Final Fantasy XV is a massive game that could have been so much more. After only 34 hours I have no desire to continue playing which makes me regret paying the full $60 at launch. Although Square Enix has promised the game will be continuously updated and improved over time, having "finished" the story in such an incomplete state, the likelihood that I will return is slim. Spoilers ahead.
After ten years of development, the overall level of quality in FFXV leaves much to be desired especially in the latter half of the game. The biggest problem with Final Fantasy XV is the sheer number of characters involved in this story that get no where near enough screen time to actually impact the story. In the early section of the game, Noctis cries over the death of an old man that had barely any screen time. Presumably the player is supposed to feel some connection but the whole scene felt disjointed and poorly written. More importantly, characters that are pivotal to the story such as Emperor Aldercapt or Luna's brother Ravus get glossed over with barely an impact. In fact, for someone that's supposedly pivotal to the story, the Emperor dies off screen and serves almost no purpose. The player can find his coat in chapter 13, the worst section of the game.
The Regalia has many issues, chief among them is that it isn't fun to deal with. It takes forever to fast travel on the PS4, driving the Regalia is the better alternative for most of the game however, it artificially caps the speed of the Regalia and prevents the player from any discernible movement left or right. When the player is in control, the driving mechanics feel heavily restricted and incredibly boring. There is almost no traffic in the game, artificially controlling how the player drives is a needless act.
When Ignis is driving, the player can change radio stations, interact with a bare bones shop and do little else. Simply allowing players to edit party gear would help ease the tedium of watching the game play itself. There are a few times where one of the guys will say something the player needs to respond to during driving, whether it be going to a photo spot or resting for the night. These could still be in the game while in a menu by giving an auditory cue to press a button and switch out to dialogue or to indicate the drive has ended. There are simple changes to the regalia and how the player interacts with it that will drastically improve the overall game.

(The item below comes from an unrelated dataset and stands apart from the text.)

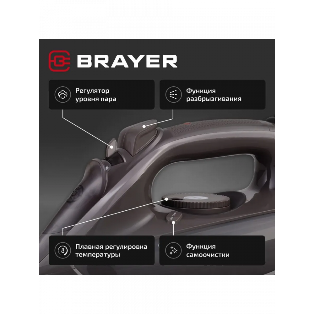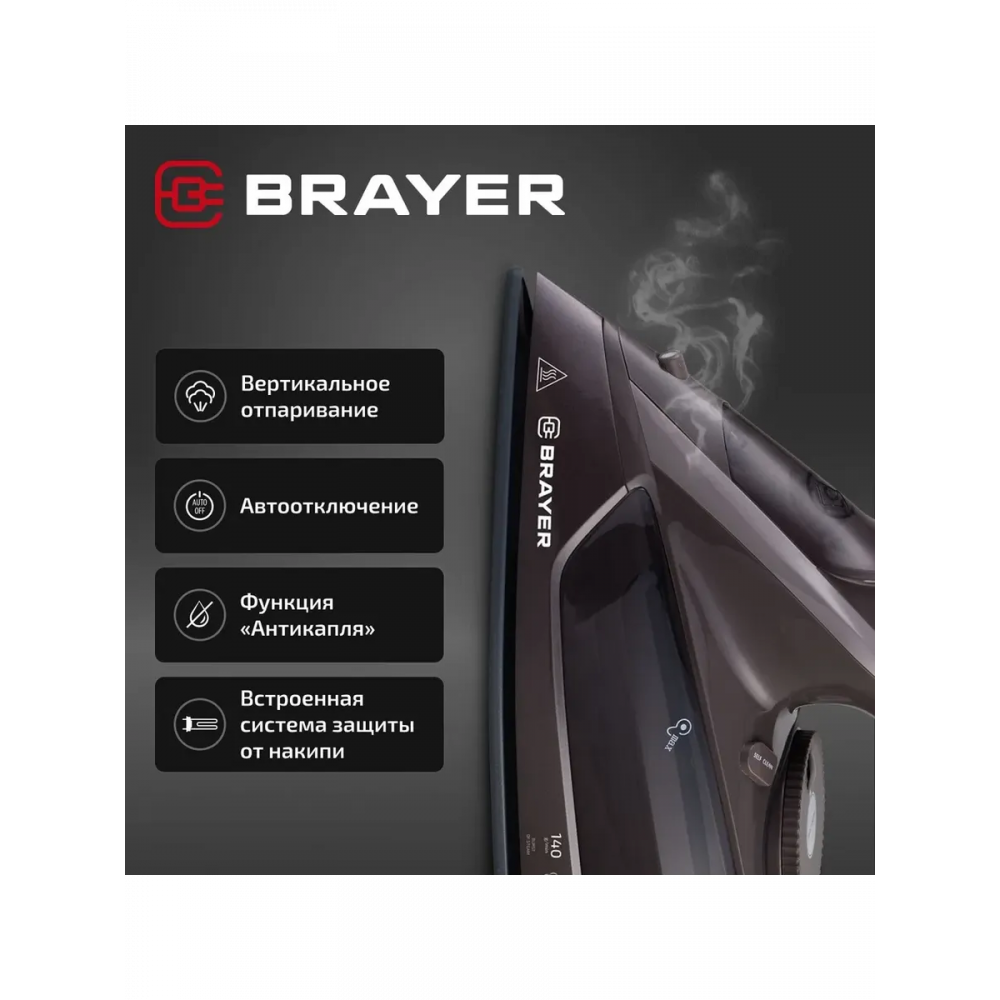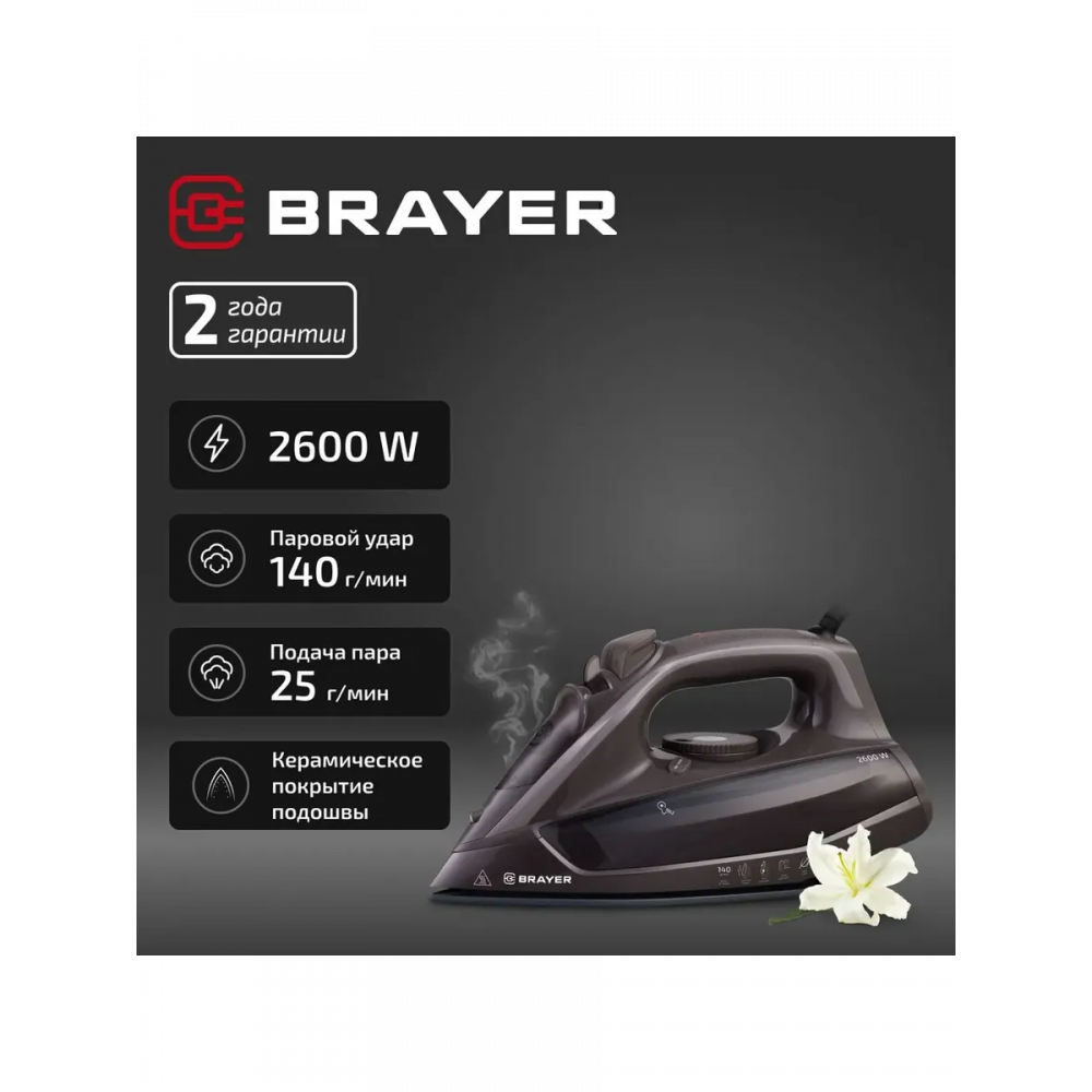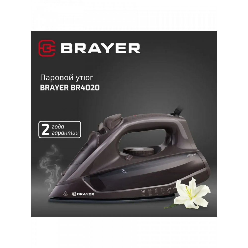 BRAYER 4020BR — утюг с керамической подошвой, мощностью 2600 Вт и резервуаром на 380 мл. Оснащён функцией вертикального отпаривания, паровым ударом 140 г/мин, системой защиты от накипи, автоотключением, функцией самоочистки и противокапельной системой. Идеален для интенсивной глажки любых тканей.

There are several characters that join the party from time to time over the course of the game. Iris, Gladiolus' sister, acts as a dedicated healer with little to no combat prowess. I found her to be quite useful at the time and would have liked to have the option to keep her around, perhaps integrate her into the party. The same goes for Aranaea the dragoon. In one of the best boss fights in the game, Aranaea proves herself to be a quick mercenary that can dish out heavy damage all over the battlefield. When she joins the party later, after Gladiolus leaves for absolutely no reason, she dominates the dungeon searching for mythril in a surprisingly fun series of fights. Unfortunately her writing comes across as stale at best. Both survive the apocalypse at the end of the game and are said to be thriving taking on demons and defending people. There is absolutely no reason why they aren't able to join the party in the post game, outside of glitches that allow Aranaea to join the party.
As the game progresses it becomes progressively more linear. Around the mid game, players are boxed in with limited ways to level and are forced to make due even if they are extremely under leveled. This is a mistake that Final Fantasy made before, as players in Final Fantasy X encountered a section where the only usable character has to be over leveled before entering otherwise the game is incredibly punishing. Eventually, in chapter 13, Noctis loses all his fellow friends and has all his abilities and weapons blocked. He is forced to fight alone through a series of boring maze like sequences with only slow magic and eventually a weak sword. The developers clearly want to make the player feel as frustrated, demoralized and confused as the main character does with the thought that things will all work out in the triumphant end to the fighting, making it more emotionally appealing for the player. At best, it was heavy handed albeit with good intentions. Unfortunately the reward is far from good enough to justify the frustration.
At the end of the lengthy chapter, Noctis is sucked into the last remaining crystal of power. He convenes with the being Bahamut and absorbs the strength of the crystal. It takes ten years in which the world is decimated by demons. When Noctis returns, he takes the fight to the true evil, a former Lucian king named Ardyn Caelum. The Astral gods that bestowed power to the Caelum line, of which both Ardyn and Noctis are a part of, created the chain of events that destroyed the world by one of the people the gods empowered to save it. The fight itself is horribly designed, introducing new mechanics with no time to develop. It has no checkpoints during the several stage boss fight and has camera controls that cannot keep up with two characters with warping abilities when it barely follows the player during normal combat. The previous boss Ifrit was majorly difficult but exceptionally fun, making the half baked actual final boss all the more underwhelming and frustrating.
The final cutscene rolls, culminating in the destruction of the immortal demon Ardyn and the death of Noctis, followed immediately by a scene of Noctis and Luna on their wedding day, which never actually happened, as they fall asleep together on the throne. The world is still completely destroyed, most of humanity has been wiped out but the player is supposed to feel rewarded for ridding the world of the demon lord. It is a disjointed narrative to the interactions of the four friends trying to save their world. Across the entirety of the game, there are glimmers of the grand Final Fantasy Square Enix wanted to tell, and it would have been an epic tale. Unfortunately that is not the tale that was published, and it was not the tale I played.